David Maisel’s large-scaled, otherworldly photographs chronicle the complex relationships between natural systems and human intervention, piecing together the fractured logic that informs them both.
Maisel's aerial images of environmentally impacted sites explore the aesthetics and politics of open pit mines, clear-cut forests, and zones of water reclamation, framing the issues of contemporary landscape with equal measures of documentation and metaphor. As Leah Ollman states in the Los Angeles Times, "Maisel’s work over the past two decades has argued for an expanded definition of beauty, one that bypasses glamour to encompass the damaged, the transmuted, the decomposed."

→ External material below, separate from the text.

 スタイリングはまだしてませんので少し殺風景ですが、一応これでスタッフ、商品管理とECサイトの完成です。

Library of Dust depicts copper canisters containing the cremated remains of patients from a psychiatric institution. Vibrant minerals bloom on the urns' surfaces, as the copper reacts with the ashes held within. The New York Times Library of Dust monograph "a fevered meditation on memory, loss, and the uncanny monuments we sometimes recover about what has gone before."

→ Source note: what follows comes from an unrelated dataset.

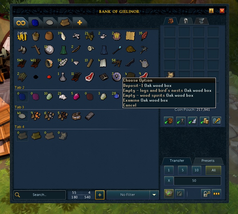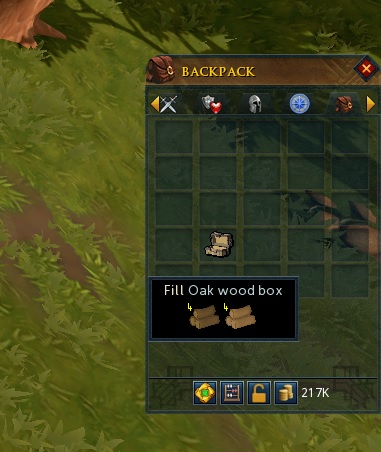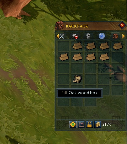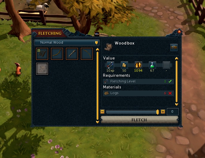-Wood box : Fletching 1, Logs 6개, Logs+Achey tree logs 보관, 70개 보관 (최대 170개)
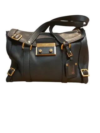Elegante borsa a spalla Prada in pelle nera. Un accessorio versatile e raffinato. Un design semplice ma senza tempo che definsce queato gioiello. Questa borsa Prada è realizzata in morbida pelle nera e rifinita con dettagli in metallo dorato. La chiusura dorata si apre su un capiente interno in tessuto Jacquard. I lunghi manici superiori la rendono comoda da portare a spalla oppure a mano. - Dettagli in metallo dorato. - Chiusura con fibbia. - Tracolla regolabile. - Targhetta porta documenti.

David Maisel was born in New York City in 1961. He received his BA from Princeton University, and his MFA from California College of the Arts, in addition to study at Harvard’s Graduate School of Design. Maisel was a Scholar in Residence at the Getty Research Institute in 2007 and an Artist in Residence at the Headlands Center for the Arts in 2008. He has also been the recipient of an Individual Artist’s Grant from the National Endowment for the Arts, and was short-listed for the Prix Pictet in 2008. Maisel lives and works in the San Francisco area, where he has been based since 1993.

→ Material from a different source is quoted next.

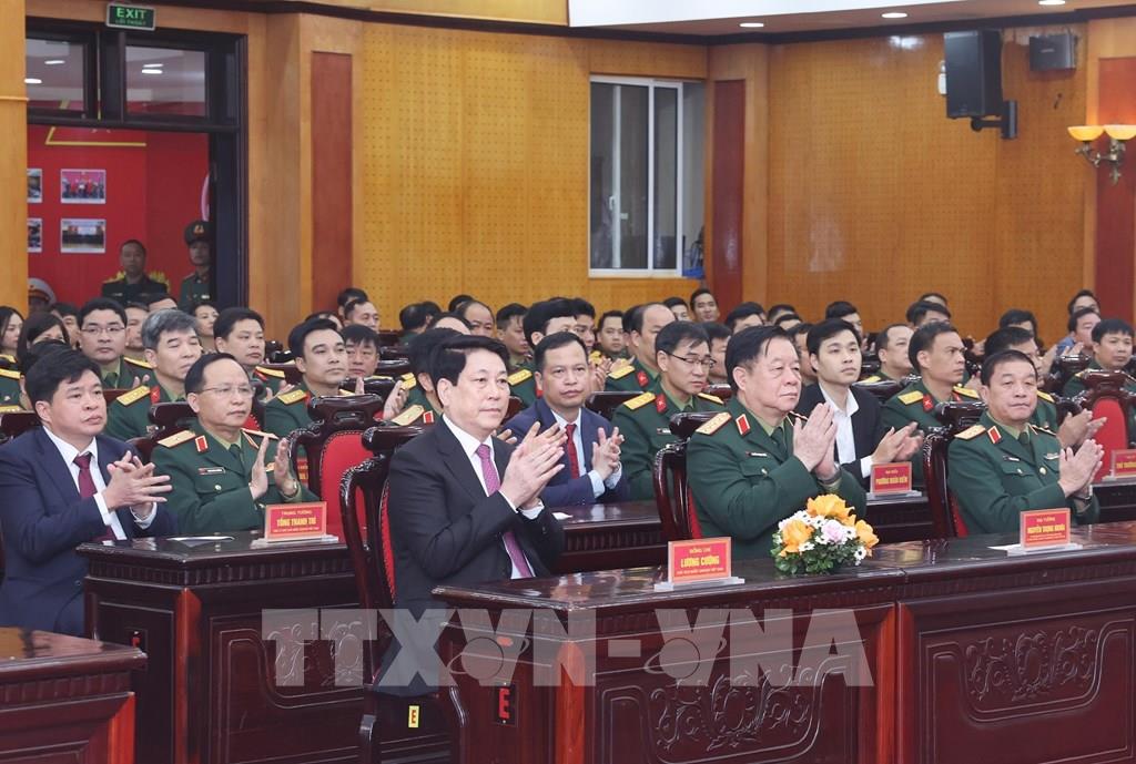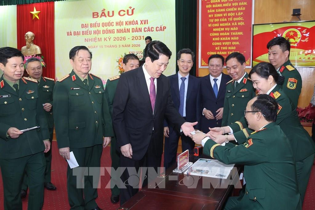 Chủ tịch nước Lương Cường và các cử tri quân đội dự lễ khai mạc bầu cử tại khu vực bỏ phiếu số 26, phường Hoàn Kiếm, thành phố Hà Nội. Ảnh: Lâm Khánh - TTXVN

Maisel's photographs, multi-media projects, and public installations have been exhibited internationally, and are included in many permanent collections, such as the Metropolitan Museum of Art; the Los Angeles County Museum of Art; the Brooklyn Museum of Art; the Santa Barbara Museum of Art; and the Museum of Fine Arts, Houston, among others. His work has been the subject of three monographs: The Lake Project (Nazraeli Press, 2004), Oblivion (Nazraeli Press, 2006), and Library of Dust (Chronicle Books, 2008).